No account? Create an account

fanf

Use your bonce

« previous entry | next entry »
15th May 2009 | 09:44

Vesta includes a purely functional programming language for specifying build rules. It has an interesting execution model which avoids unnecessary rebuilds. Unlike make, it automatically works out dependencies in a way that is independent of your programming language or tools - no manually maintained dependencies or parsing source for #include etc. Also unlike make, it doesn't use timestamps to decide if dependencies are still valid, but instead uses a hash of their contents; it can do this efficiently because of its underlying version control repository. Vesta assumes that build tools are essentially purely functional, i.e. that their output files depend only on their input files, and that any differences (e.g. embedded timestamps) don't affect the functioning of the output.

I've been wondering if Vesta's various parts can be unpicked. It occurred to me this morning that its build-once functionality could make a quite nice stand-alone tool. So here's an outline of a program called bonce that I don't have time to write.

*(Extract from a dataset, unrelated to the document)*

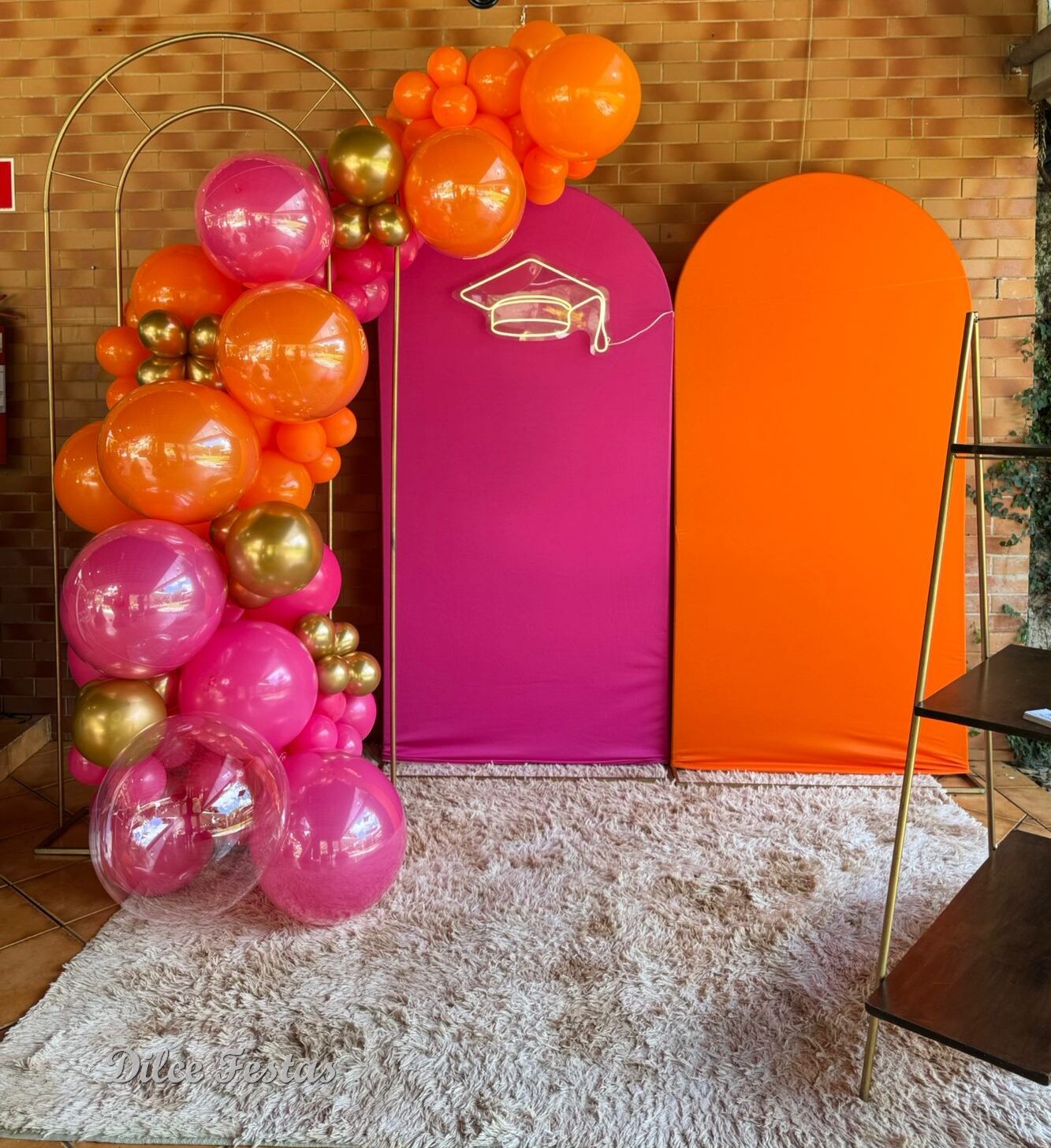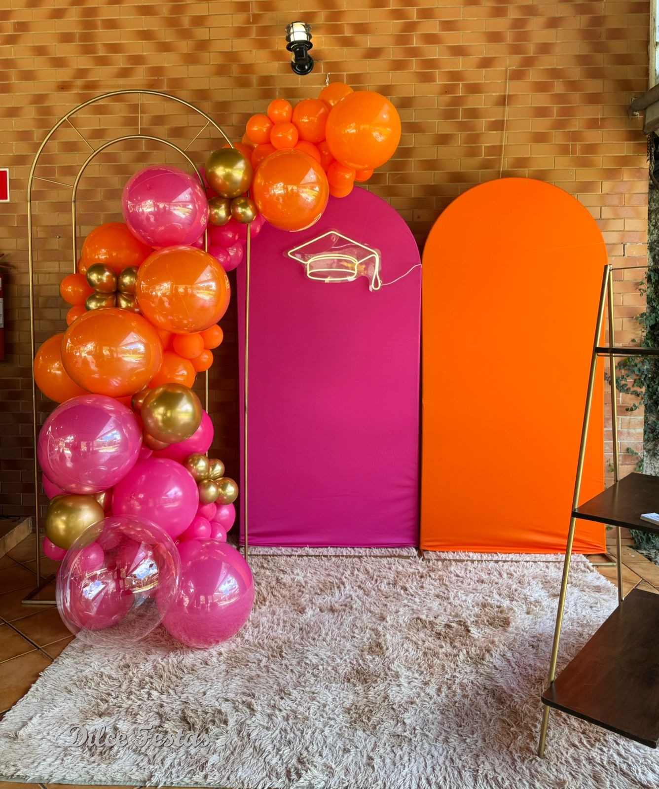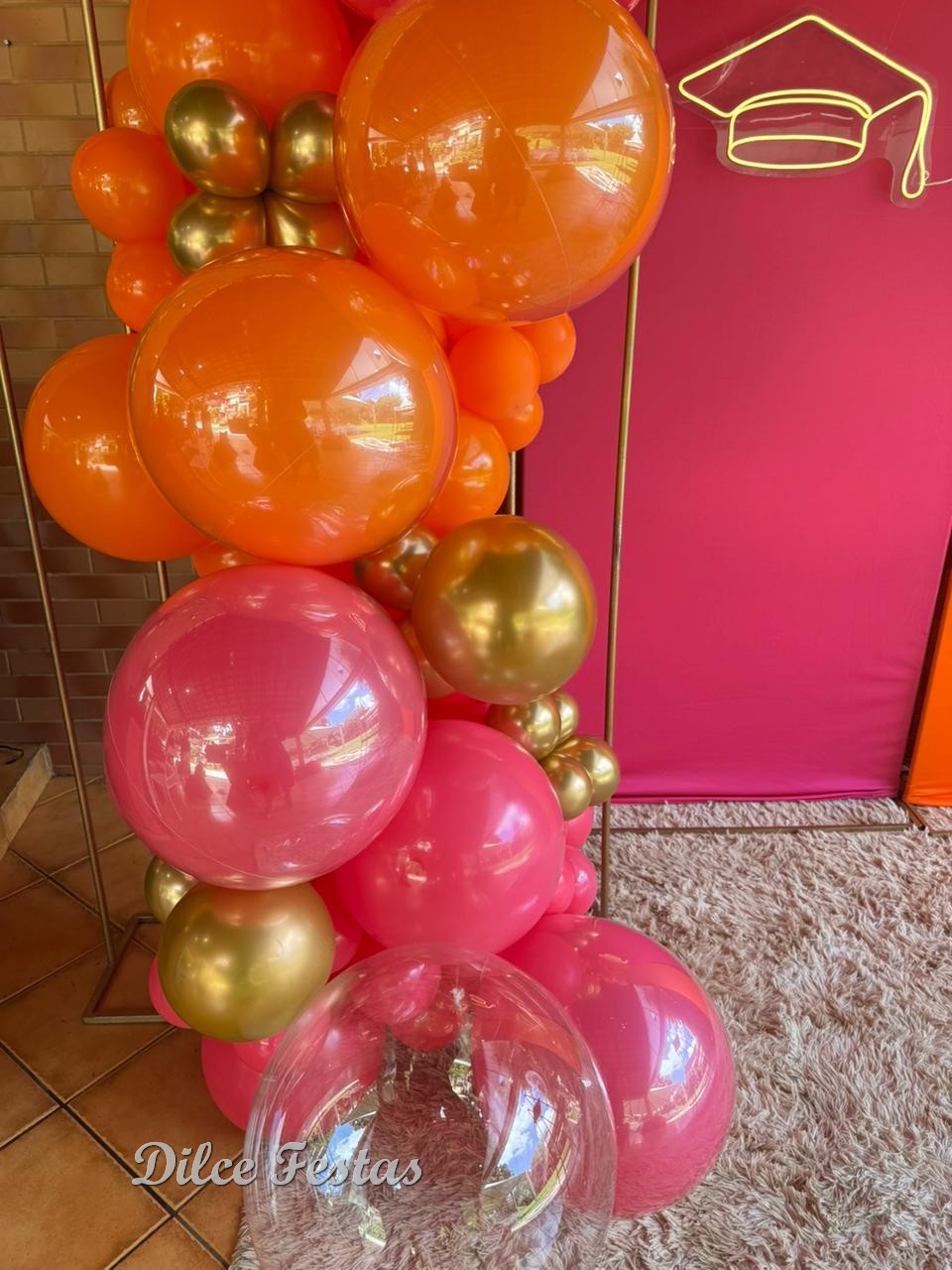 Formatura Painel Oval Pink e Laranja Liso Capelo de Led – Trabalho em Balões com Arco Orgânico

bonce is an adverbial command, i.e. you use it like bonce gcc -c foo.c. It checks if the command has already been run, and if so it gets the results from its build results cache. It uses Vesta's dependency cache logic to decide if a command has been run. In the terminology of the paper, the primary key for the cache is a hash of the command line, and the secondary keys are all the command's dependencies as recorded in the cache. If there is a cache miss, the command is run in dependency-recording mode. (Vesta does this using its magic NFS server, which is the main interface to its repository.) This can be done using an LD_PRELOAD hack that intercepts system calls, e.g. open(O_RDONLY) is a dependency and open(O_WRONLY) is probably an output file, and exec() is modified to invoke bonce recursively. When the command completes, its dependencies and outputs are recorded in the cache.

bonce is likely to need some heuristic cleverness. For example, Vesta has some logic that simplifies the dependencies of higher-level build functions so that the dependency checking work for a top-level build invocation scales less than linearly with the size of the project. It could also be useful to look into git repositories to get SHA-1 hashes and avoid computing them.

It should then be reasonable to write very naive build scripts or makefiles, with simplified over-broad dependencies that would normally cause excessive rebuilds - e.g. every object file in a module depends on every source file - which bonce can reduce to the exact dependencies and thereby eliminate redundant work. No need for a special build language and no need to rewrite build scripts.

| Leave a comment |

Comments {15}

from: ptc24
date: 15th May 2009 09:20 (UTC)

Interesting how the "o" changes pronunciation when you contract (presumably) "build once" to "bonce".

Reply | Thread

Simon Tatham

from: simont
date: 15th May 2009 09:25 (UTC)

In 1997 I had a summer job working with some code stored in ClearCase, and that did a very similar set of things: interface to source code repository via magic filesystem instead of checkouts in ordinary user filespace, special make utility automatically tracking dependencies, caching of build results so it could (in its terminology) "wink in" files that had already been built to the identical specification by somebody else.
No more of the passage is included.